Because the VaKashani were hosts to the foreign delegation and thus entitled to a percentage of Supaari's profit, the village would move nearly a year ahead of schedule closer to breeding rights. Supaari was pleased for them, and slightly envious. If life were as simple and straightforward for a Jana'ata third as for a Runa corporation, his own problem would have been solved. He could simply buy breeding rights and get on with it, having proven his fiscal responsibility and obedience to the government. But Jana'ata life was never simple and rarely straightforward. Deep in the Jana'ata soul there was an almost unshakable conviction that things must be controlled, thought out, done correctly, that there was very little margin for error in life. Tradition was safety; change was danger. Even Supaari felt this, although he defied the instinct often and to his profit.

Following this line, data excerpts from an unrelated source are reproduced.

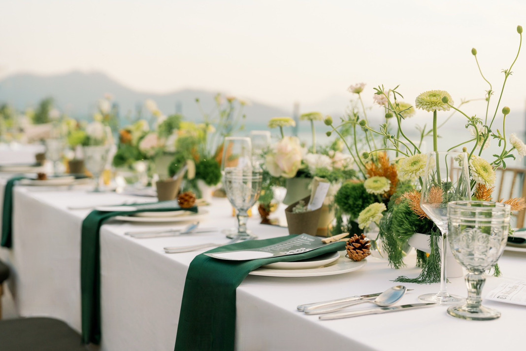 —在落日餘光,譜一場優雅的西式晚宴—夕陽餘暉斜灑波光,宛如金紗輕覆,為幸福時刻鍍上一層最動人的光影。從香檳派對的輕盈揭幕、晚宴的溫馨時刻,到微光延續的 After Party,為您獻上一場從景色到滋味都無可取代的浪漫饗宴。
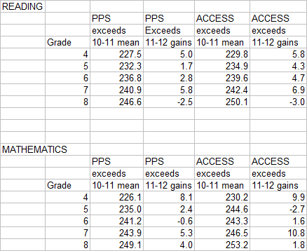 I was curious to see whether the testing ceiling was in fact making it impossible for high-achieving students to make gains, so I compared the gains made by ACCESS students with those of other students in Portland who "exceeded" benchmarks. ACCESS admits students in the top 1% of achievement--if there was a ceiling they should be hitting it harder than other students. They might have higher scores to begin with, but they would not have higher gains. If, on the other hand, the difference is a reflection of real differences in instruction, then ACCESS students might continue to outperform other students in PPS who also exceeded benchmarks.
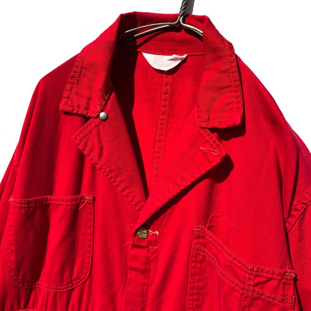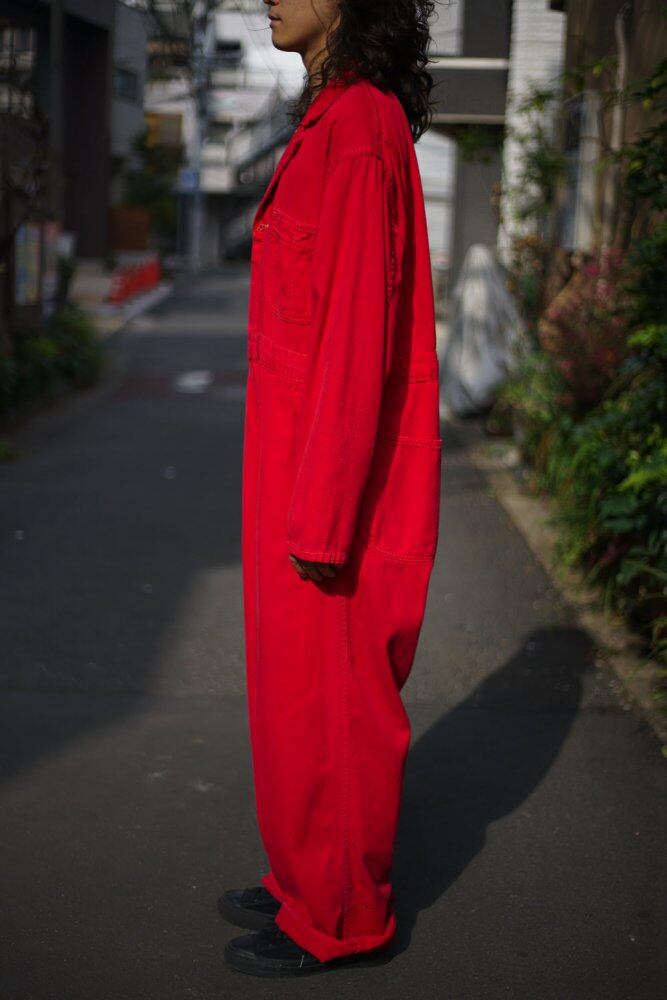 It is an all-in-one jumpsuit with a beautiful red color that gets a lot of looks. The aggressive coloring unique to vintage, the red body is accented with gold buttons.
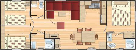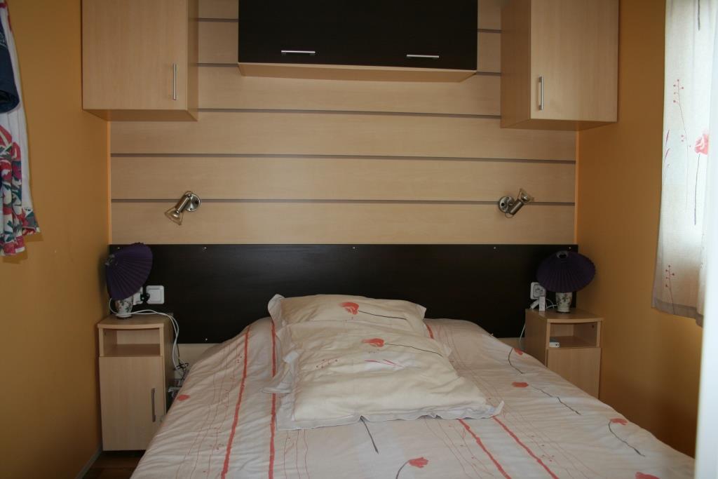 Voici ce qui s'appelle "la suite parentale" chez les fabricants de mobile-home. Il s'agit d'une chambre lit double avec une salle d'eau privative avec WC.
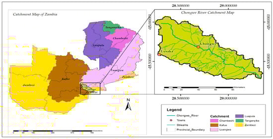 - Jenkins, M.; Nick, A.; Mwelwa, D.; Simwana, T. Groundwater Resources for Lusaka and Selected Catchment Areas—Technical Report No. 1—Impact of Small Scale Farming on the Chongwe River on Land Use and Water Abstractions from Chongwe River; Water Resources Management Authority and German Federal Institute for Geoscience and Natural Resources: Lusaka, Zambia, 2015. [Google Scholar]
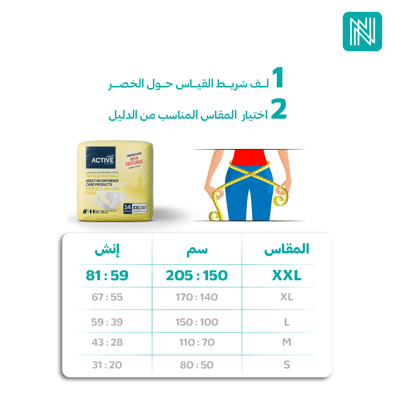 حفاض لاصق كبار السن دبل اكس لارج - أكتيف 0.000 KD
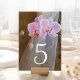 Adicione um toque de charme ao seu estilo de rancho chá de panela ou recepção de casamento com os números casuais, mas clássicos, da mesa de casamento da Orquídea Russa. Este design, informal e elegante, apresenta uma fotografia floral acesa de flores de orquídea cor-de-rosa, falaenopsis, sobre o caule, com um véu branco de brasa, com um fundo de madeira de cascata castanha.
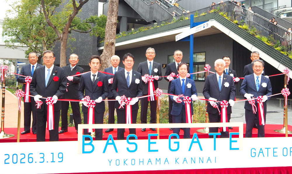 JR関内駅前の旧横浜市役所跡を活用した大規模再開発「BASEGATE(ベースゲート)横浜関内」が今月(2026年)3月19日(木)にオープンし、関係者がテープカットするなど開業セレモニーを行ったのち、待ちわびた多数の客が訪れました。

The storytellers claimed that the first five Jana'ata hunters and the first five Runa herds were created by Ingwy on an island, where balance could be easily lost and annihilation was the price of poor stewardship. Five times the hunters and their mates erred: leaving things to chance, killing without thought, letting their own numbers grow uncontrolled, and all was lost. On the sixth attempt, Tikat Father of Us All learned to breed the Runa and Sa'arhi Our Mother was made his consort and they were brought to the mainland and given dominion. There were other stories about Pa'au and Tiha'ai and the first brothers, and on and on. Who knew? Maybe there was some truth in it all, but Supaari was a skeptic. The Ingwy Cycle was too pat an explanation for duogeniture, too convenient for the firsts and seconds justifying their grip on the world.

It didn't matter. Whether the legends grew from ancient seeds of truth or sprang fully formed from the self-interest of the rulers, Supaari thought, things are as they are. He was a third; how, then, to convince the Reshtar of Galatna that Supaari VaGayjur was worthy of being created Founder? It was a delicate business and required subtlety and cunning, for reshtari were rarely generous in granting to others the very prerogative denied themselves. Somehow, Hlavin Kitheri must come to believe it was in his interest to bestow this privilege. A pretty puzzle for Supaari VaGayjur.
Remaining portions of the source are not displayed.